§ **WORK INSTRUCTION**
Begin with the line below holding "Vintage glossy 8" and go on through the line holding "وفي اللقاء، اشاد", duplicating each line exactly and leaving out pictures.
------------------------------------------------
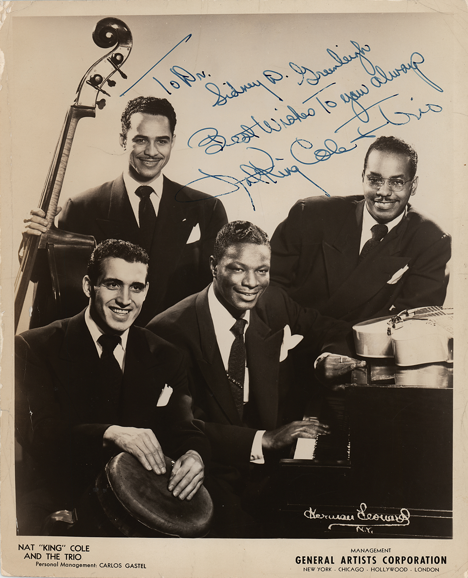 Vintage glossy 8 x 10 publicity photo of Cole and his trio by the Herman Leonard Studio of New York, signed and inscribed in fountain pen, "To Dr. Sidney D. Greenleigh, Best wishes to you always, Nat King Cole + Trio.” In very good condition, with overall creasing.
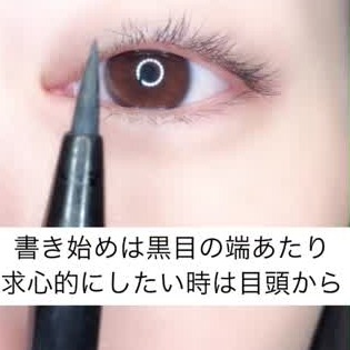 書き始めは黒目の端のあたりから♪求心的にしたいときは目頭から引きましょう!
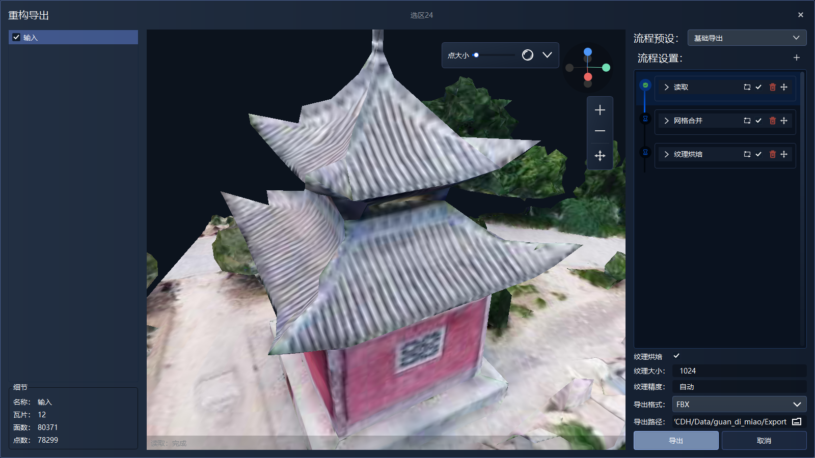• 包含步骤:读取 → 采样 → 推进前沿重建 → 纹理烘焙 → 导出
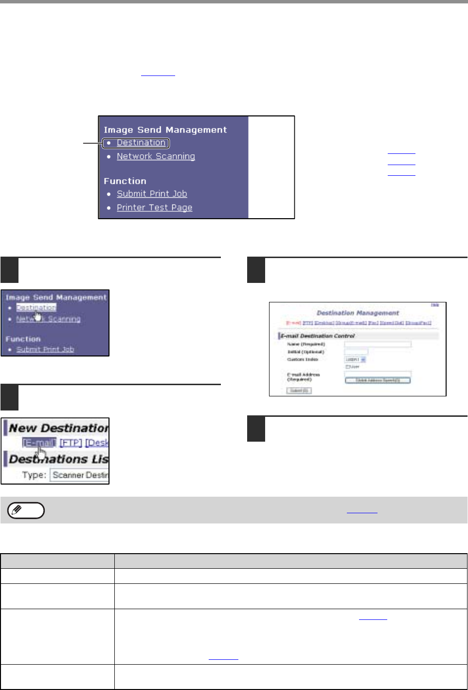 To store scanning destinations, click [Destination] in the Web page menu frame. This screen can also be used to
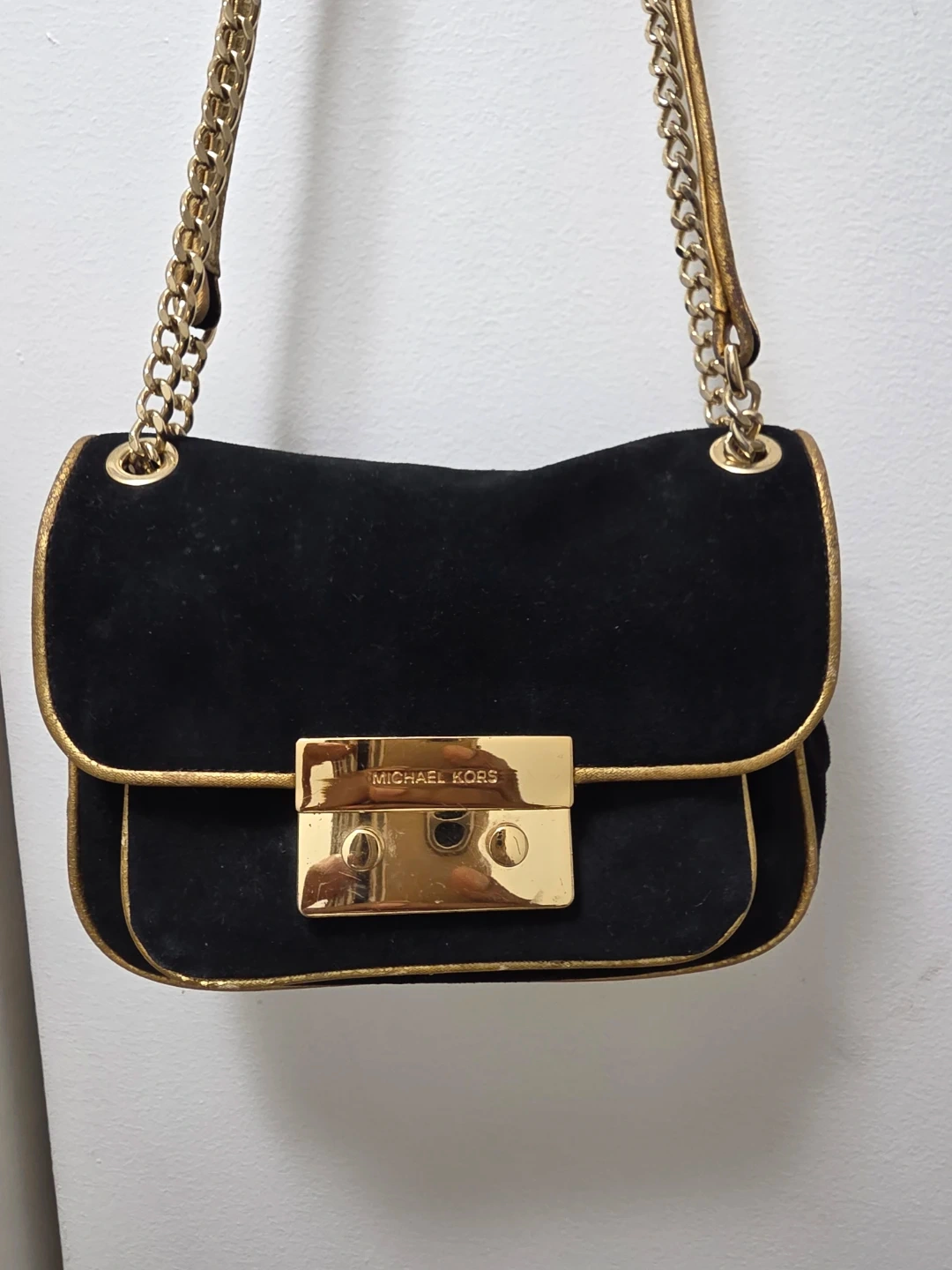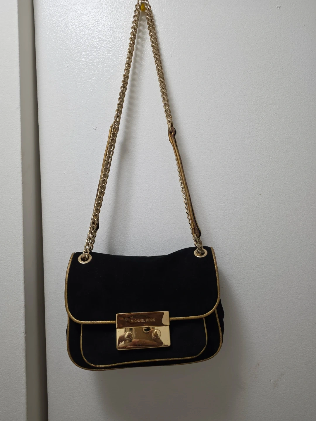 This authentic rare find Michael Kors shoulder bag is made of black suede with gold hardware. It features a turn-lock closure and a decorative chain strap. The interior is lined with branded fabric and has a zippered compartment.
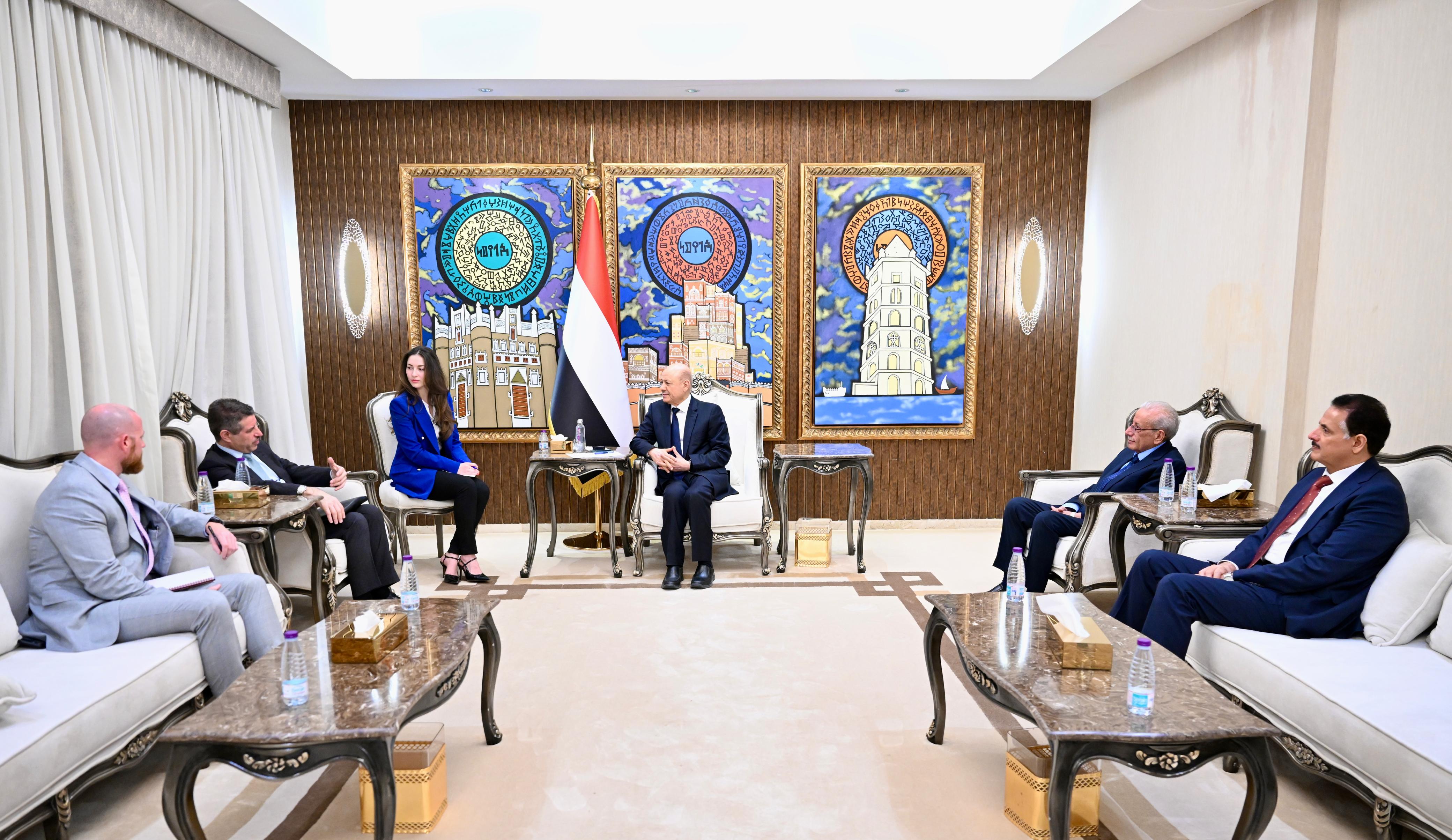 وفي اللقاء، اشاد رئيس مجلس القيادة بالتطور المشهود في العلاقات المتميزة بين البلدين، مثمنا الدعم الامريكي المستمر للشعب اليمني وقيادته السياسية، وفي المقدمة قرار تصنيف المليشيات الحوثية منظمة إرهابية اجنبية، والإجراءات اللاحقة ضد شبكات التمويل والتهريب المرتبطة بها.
------------------------------------------------
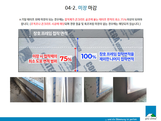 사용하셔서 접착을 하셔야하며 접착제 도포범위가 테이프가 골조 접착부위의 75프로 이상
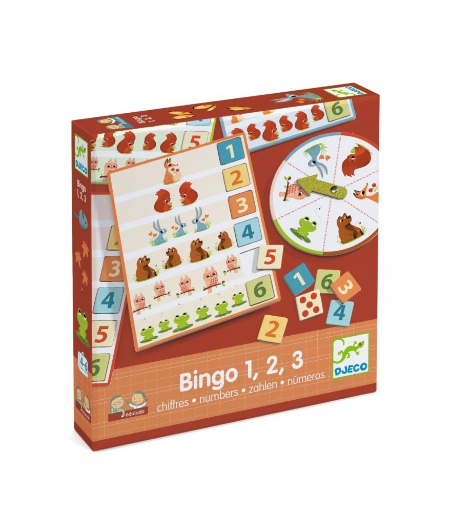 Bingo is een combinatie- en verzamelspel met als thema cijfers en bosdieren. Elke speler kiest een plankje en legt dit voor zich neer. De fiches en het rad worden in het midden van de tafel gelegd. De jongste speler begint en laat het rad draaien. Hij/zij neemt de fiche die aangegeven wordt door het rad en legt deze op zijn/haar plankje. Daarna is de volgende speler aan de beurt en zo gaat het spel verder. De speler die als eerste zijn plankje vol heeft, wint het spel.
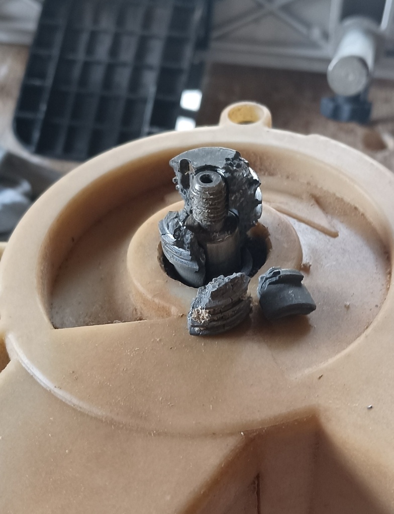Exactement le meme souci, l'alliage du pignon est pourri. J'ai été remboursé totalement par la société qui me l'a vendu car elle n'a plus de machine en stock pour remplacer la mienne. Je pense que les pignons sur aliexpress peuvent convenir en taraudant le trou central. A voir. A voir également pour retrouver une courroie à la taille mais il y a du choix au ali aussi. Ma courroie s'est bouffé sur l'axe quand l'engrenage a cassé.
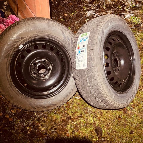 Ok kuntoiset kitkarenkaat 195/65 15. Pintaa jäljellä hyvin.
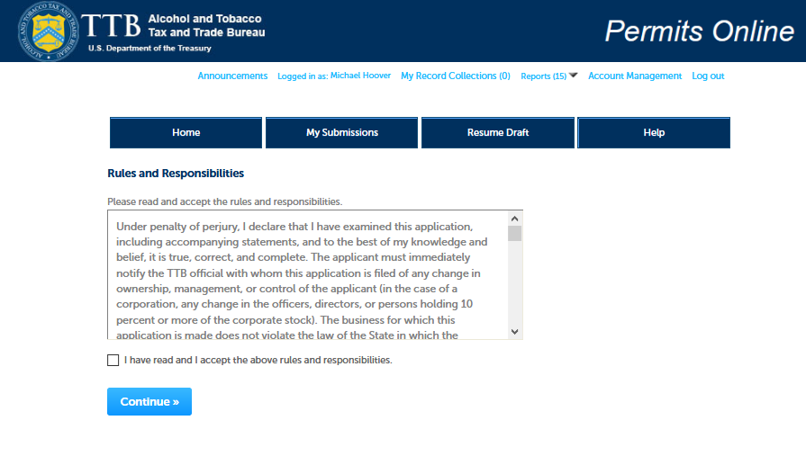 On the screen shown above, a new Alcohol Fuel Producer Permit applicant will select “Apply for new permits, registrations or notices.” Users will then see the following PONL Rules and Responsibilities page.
------------------------------------------------
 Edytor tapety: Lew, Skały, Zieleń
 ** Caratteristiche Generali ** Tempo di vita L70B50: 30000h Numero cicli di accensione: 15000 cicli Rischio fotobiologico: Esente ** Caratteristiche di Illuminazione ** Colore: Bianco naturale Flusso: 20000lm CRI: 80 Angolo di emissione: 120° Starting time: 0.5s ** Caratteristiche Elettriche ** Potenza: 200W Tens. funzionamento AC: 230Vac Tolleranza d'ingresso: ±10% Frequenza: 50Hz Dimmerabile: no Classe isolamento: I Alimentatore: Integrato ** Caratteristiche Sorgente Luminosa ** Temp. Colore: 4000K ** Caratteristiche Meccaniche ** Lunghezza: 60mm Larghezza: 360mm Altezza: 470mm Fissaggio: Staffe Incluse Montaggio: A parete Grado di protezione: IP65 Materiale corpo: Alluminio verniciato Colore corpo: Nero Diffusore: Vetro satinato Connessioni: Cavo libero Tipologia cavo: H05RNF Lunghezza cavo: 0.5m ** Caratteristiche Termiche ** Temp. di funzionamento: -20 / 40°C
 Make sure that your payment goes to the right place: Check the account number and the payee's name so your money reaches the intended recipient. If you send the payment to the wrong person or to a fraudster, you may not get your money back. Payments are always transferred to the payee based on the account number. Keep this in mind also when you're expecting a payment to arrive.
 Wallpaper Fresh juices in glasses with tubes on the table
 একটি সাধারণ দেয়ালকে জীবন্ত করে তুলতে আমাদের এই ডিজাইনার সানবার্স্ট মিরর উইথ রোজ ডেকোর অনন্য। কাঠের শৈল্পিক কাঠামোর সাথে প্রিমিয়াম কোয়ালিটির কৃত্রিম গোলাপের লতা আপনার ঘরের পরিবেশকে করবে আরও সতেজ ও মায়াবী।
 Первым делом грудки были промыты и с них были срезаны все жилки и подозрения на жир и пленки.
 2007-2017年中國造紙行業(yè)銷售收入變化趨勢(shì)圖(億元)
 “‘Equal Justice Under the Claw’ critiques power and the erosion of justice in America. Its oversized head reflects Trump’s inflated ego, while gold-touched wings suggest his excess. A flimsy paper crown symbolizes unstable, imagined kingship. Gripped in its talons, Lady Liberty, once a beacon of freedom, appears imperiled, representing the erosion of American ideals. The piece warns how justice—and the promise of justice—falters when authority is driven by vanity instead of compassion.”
------------------------------------------------
§ **RESPONSE**
 Vintage glossy 8 x 10 publicity photo of Cole and his trio by the Herman Leonard Studio of New York, signed and inscribed in fountain pen, "To Dr. Sidney D. Greenleigh, Best wishes to you always, Nat King Cole + Trio.” In very good condition, with overall creasing.
 書き始めは黒目の端のあたりから♪求心的にしたいときは目頭から引きましょう!
• 包含步骤:读取 → 采样 → 推进前沿重建 → 纹理烘焙 → 导出
 To store scanning destinations, click [Destination] in the Web page menu frame. This screen can also be used to
 This authentic rare find Michael Kors shoulder bag is made of black suede with gold hardware. It features a turn-lock closure and a decorative chain strap. The interior is lined with branded fabric and has a zippered compartment.
 وفي اللقاء، اشاد رئيس مجلس القيادة بالتطور المشهود في العلاقات المتميزة بين البلدين، مثمنا الدعم الامريكي المستمر للشعب اليمني وقيادته السياسية، وفي المقدمة قرار تصنيف المليشيات الحوثية منظمة إرهابية اجنبية، والإجراءات اللاحقة ضد شبكات التمويل والتهريب المرتبطة بها.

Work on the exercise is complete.